Find the "11.(房间2-左边场景)点" line in the records below and repeat it and every later line exactly, up to the last; do not include pictures.

Records to use ▸
----

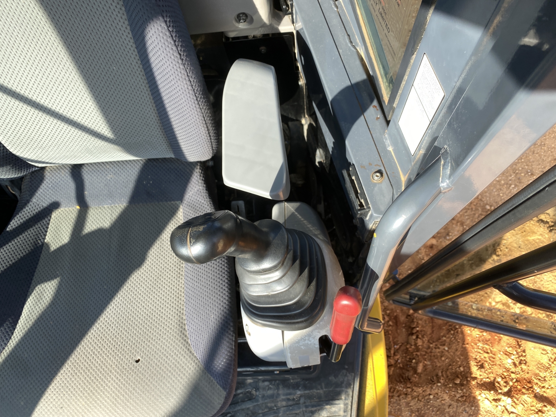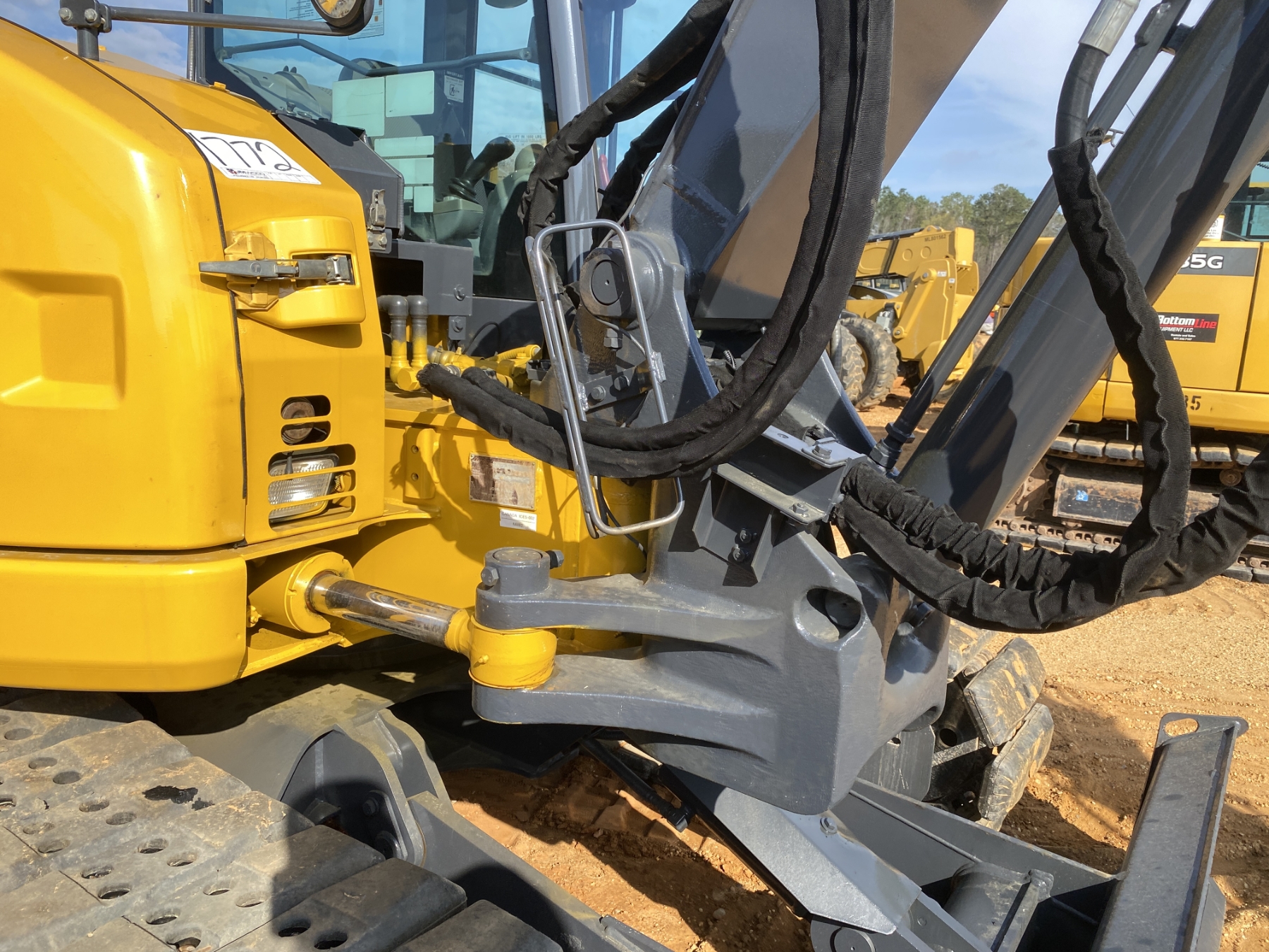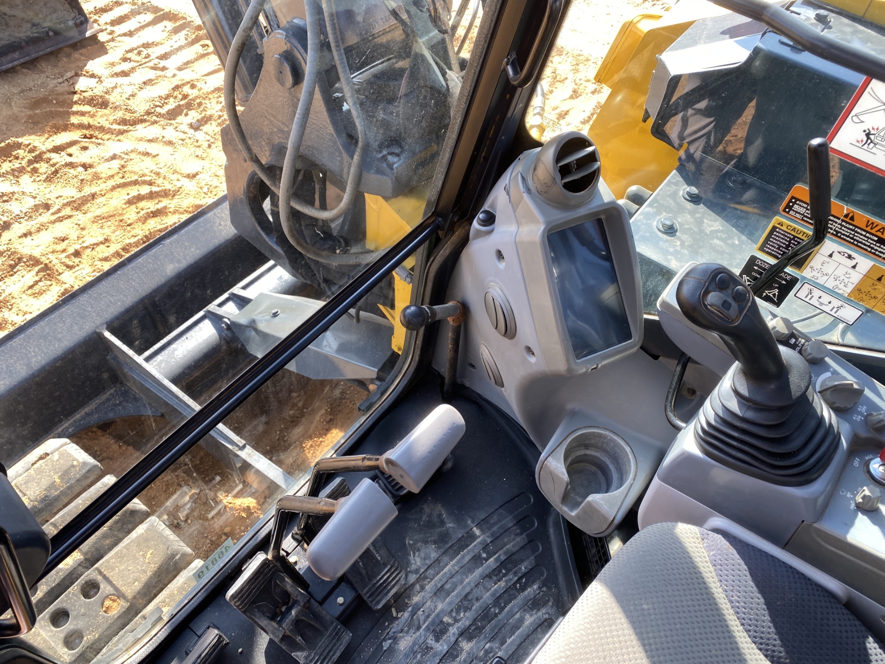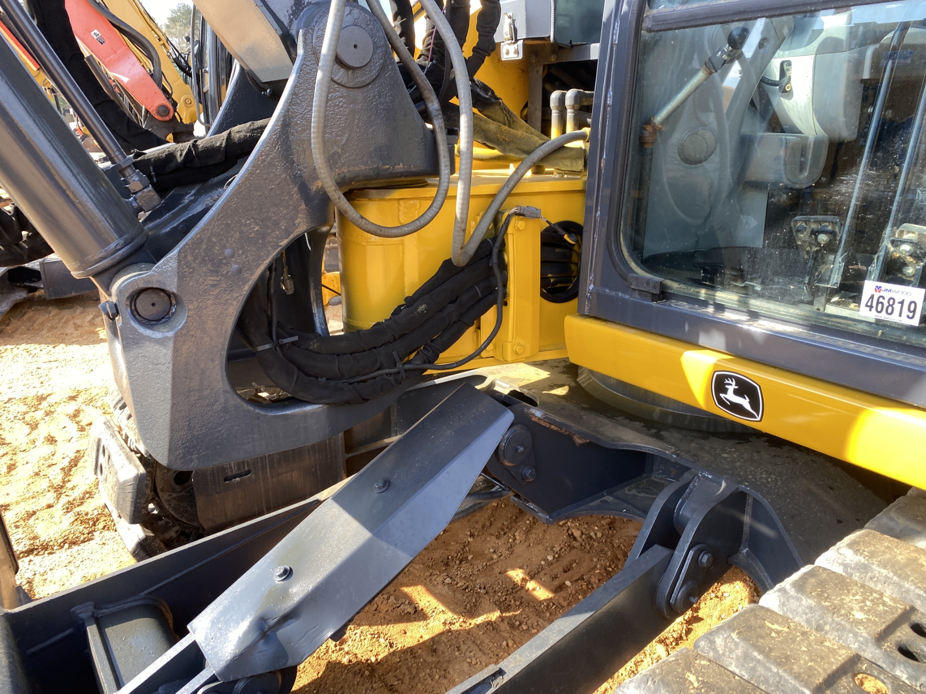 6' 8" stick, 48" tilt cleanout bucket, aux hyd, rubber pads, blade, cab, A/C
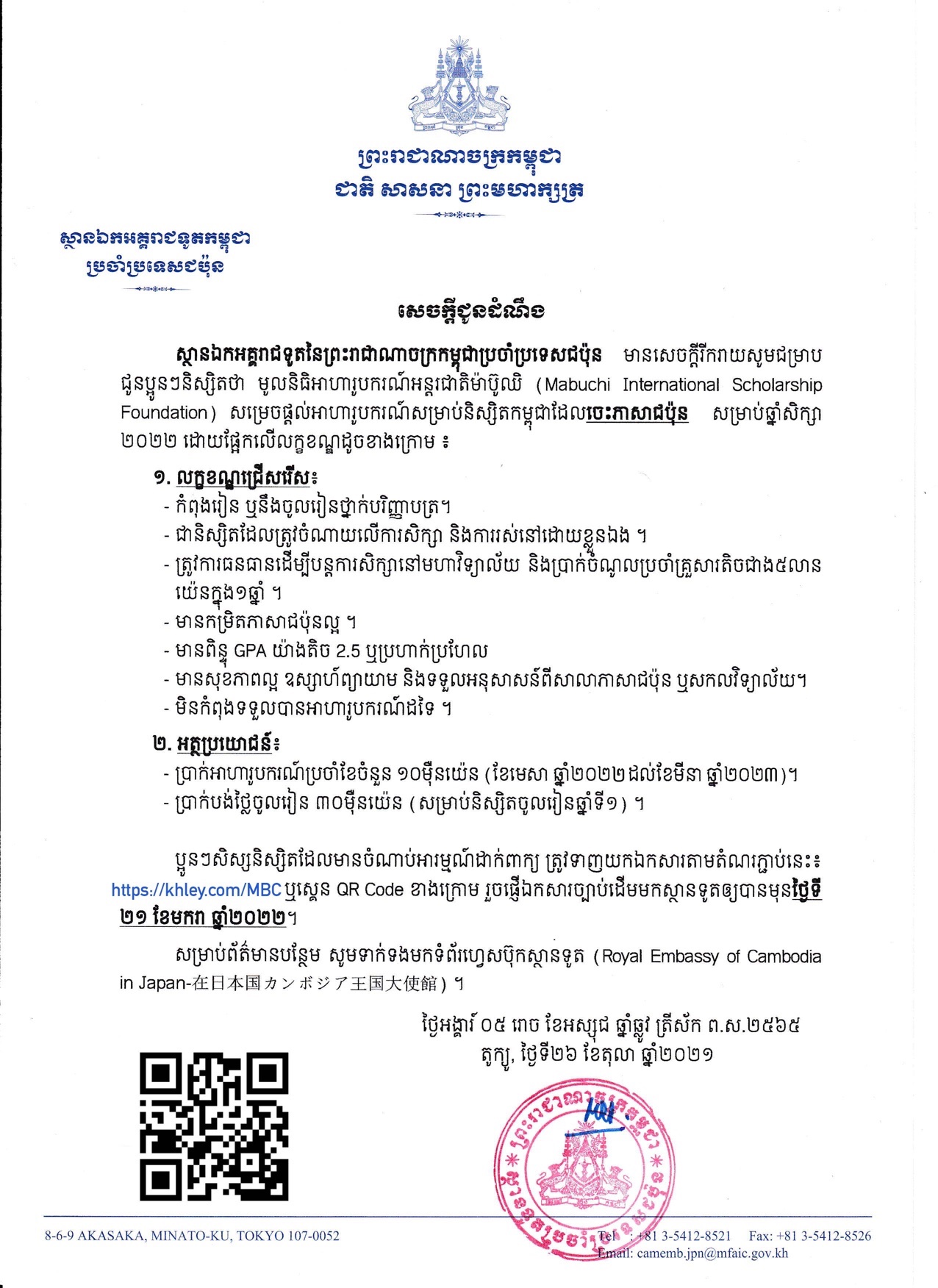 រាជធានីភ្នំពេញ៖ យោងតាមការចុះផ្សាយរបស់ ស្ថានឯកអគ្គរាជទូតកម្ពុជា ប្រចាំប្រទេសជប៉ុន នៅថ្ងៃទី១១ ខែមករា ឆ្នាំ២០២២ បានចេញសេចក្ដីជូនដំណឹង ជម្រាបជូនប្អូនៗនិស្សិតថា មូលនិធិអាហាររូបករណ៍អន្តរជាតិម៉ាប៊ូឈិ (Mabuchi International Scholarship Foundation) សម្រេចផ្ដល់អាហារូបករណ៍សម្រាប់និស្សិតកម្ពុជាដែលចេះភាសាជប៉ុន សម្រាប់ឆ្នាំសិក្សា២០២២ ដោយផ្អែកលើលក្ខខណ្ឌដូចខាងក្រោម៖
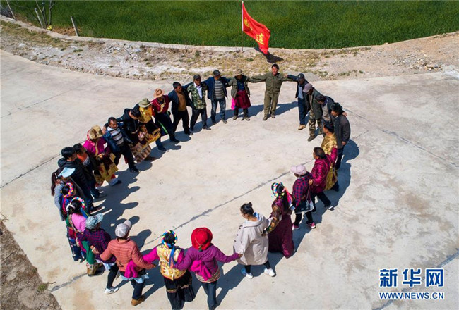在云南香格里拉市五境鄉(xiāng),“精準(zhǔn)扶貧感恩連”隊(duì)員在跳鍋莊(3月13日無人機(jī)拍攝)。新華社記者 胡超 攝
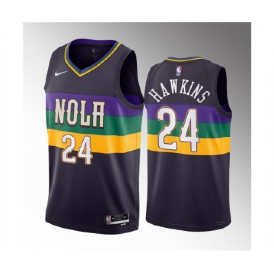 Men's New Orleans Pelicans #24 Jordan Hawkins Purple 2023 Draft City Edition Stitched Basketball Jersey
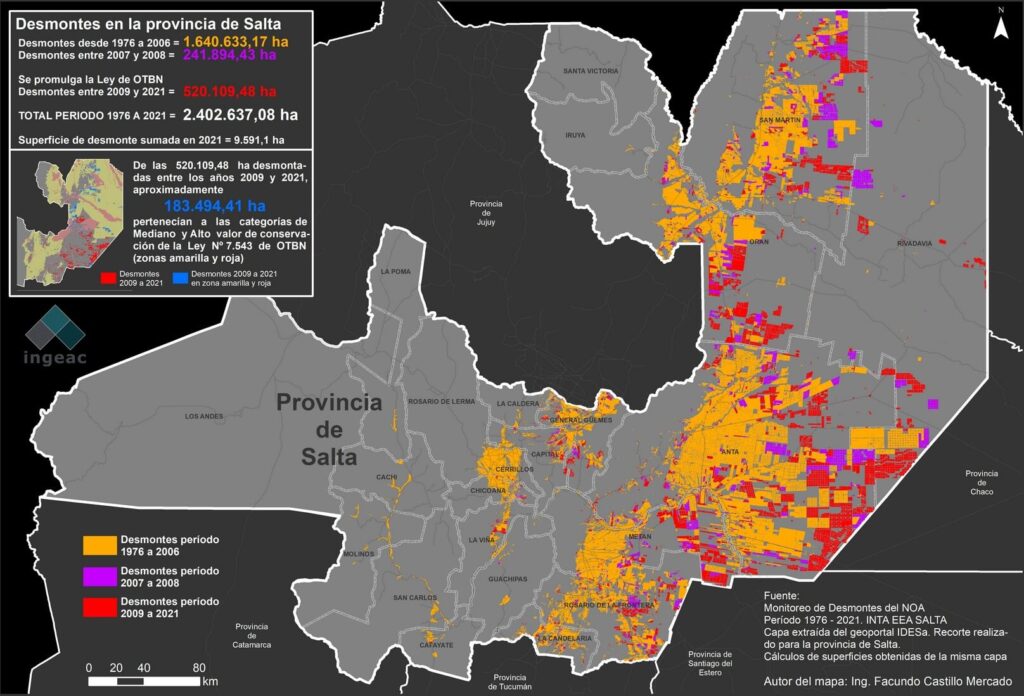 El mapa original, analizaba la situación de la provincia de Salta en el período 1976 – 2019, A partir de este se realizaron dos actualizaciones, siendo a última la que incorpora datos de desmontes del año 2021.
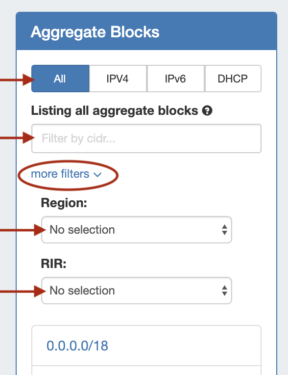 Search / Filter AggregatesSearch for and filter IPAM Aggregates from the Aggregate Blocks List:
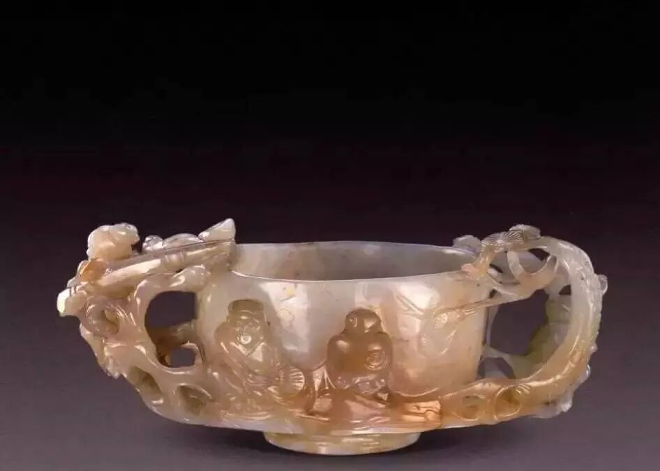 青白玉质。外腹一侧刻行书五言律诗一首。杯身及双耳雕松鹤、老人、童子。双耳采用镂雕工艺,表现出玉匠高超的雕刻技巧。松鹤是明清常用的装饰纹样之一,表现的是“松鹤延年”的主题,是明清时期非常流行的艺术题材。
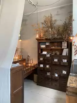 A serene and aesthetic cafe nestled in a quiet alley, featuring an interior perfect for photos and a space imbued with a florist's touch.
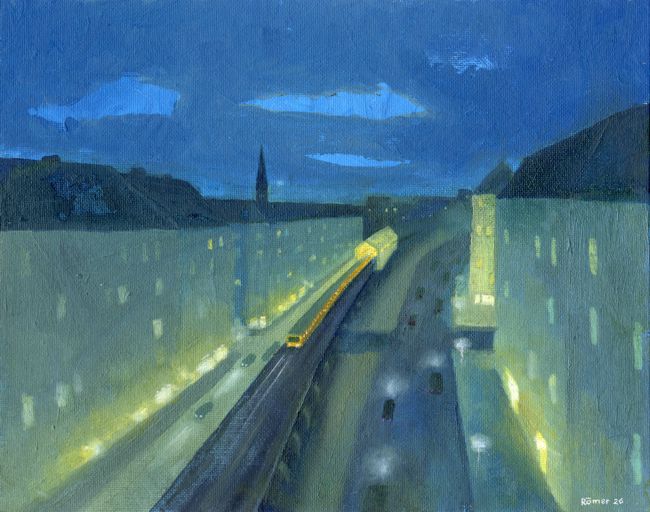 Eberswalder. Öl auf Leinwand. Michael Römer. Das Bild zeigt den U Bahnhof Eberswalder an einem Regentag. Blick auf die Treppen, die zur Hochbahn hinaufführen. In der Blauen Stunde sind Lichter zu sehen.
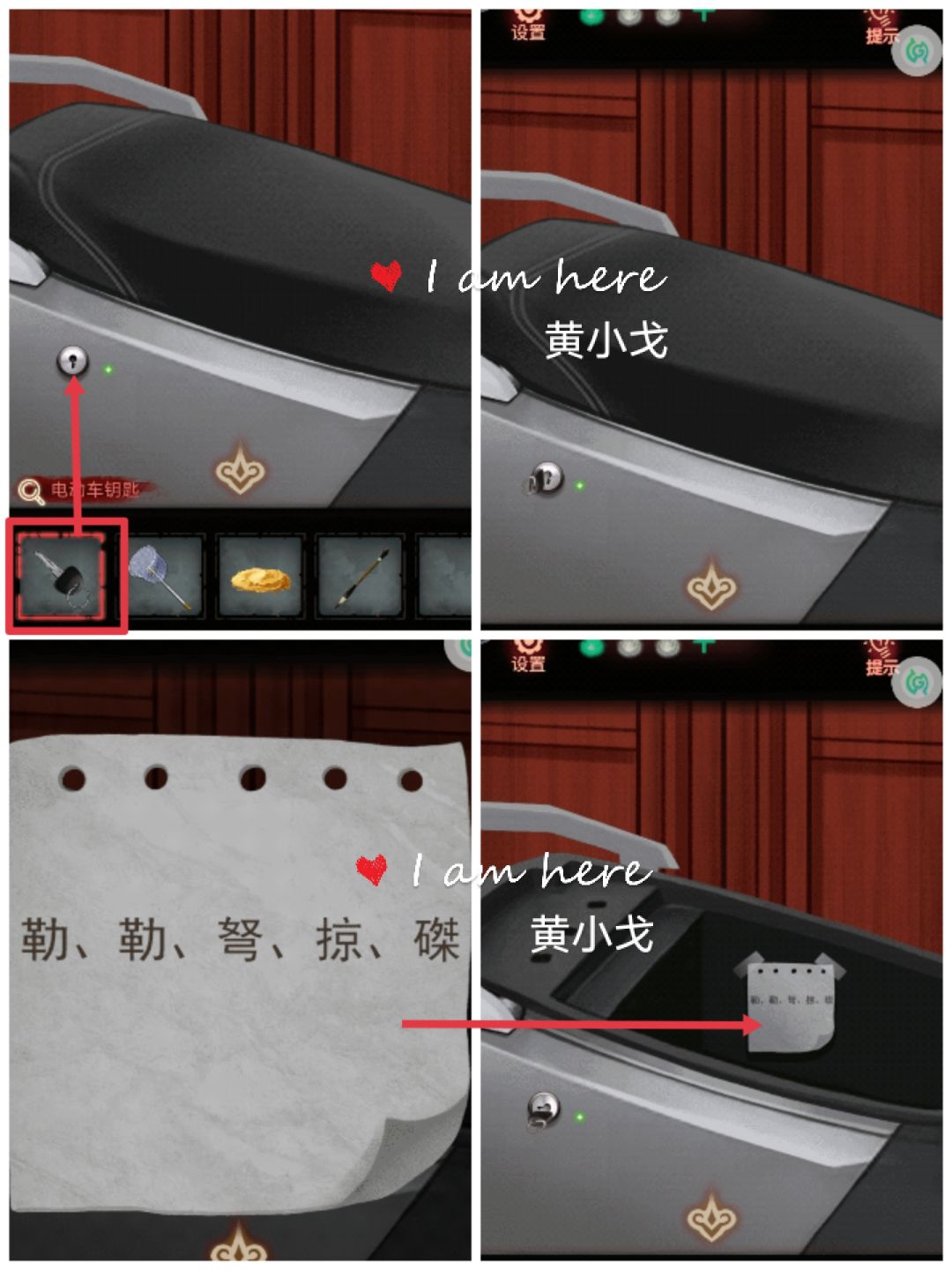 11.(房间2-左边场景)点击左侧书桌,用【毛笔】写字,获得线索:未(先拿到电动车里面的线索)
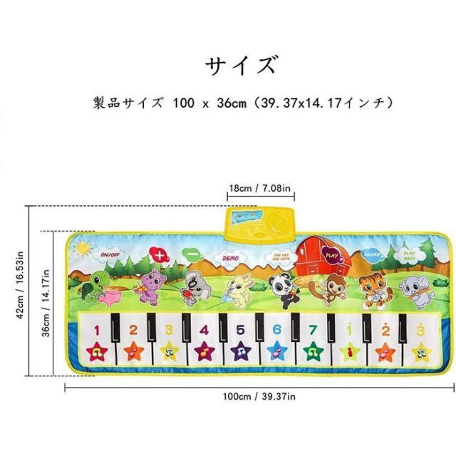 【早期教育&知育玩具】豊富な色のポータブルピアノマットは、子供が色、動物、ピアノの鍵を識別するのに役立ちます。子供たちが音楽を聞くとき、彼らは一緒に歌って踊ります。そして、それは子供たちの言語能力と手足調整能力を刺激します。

----

Solution ▸
 11.(房间2-左边场景)点击左侧书桌,用【毛笔】写字,获得线索:未(先拿到电动车里面的线索)
 【早期教育&知育玩具】豊富な色のポータブルピアノマットは、子供が色、動物、ピアノの鍵を識別するのに役立ちます。子供たちが音楽を聞くとき、彼らは一緒に歌って踊ります。そして、それは子供たちの言語能力と手足調整能力を刺激します。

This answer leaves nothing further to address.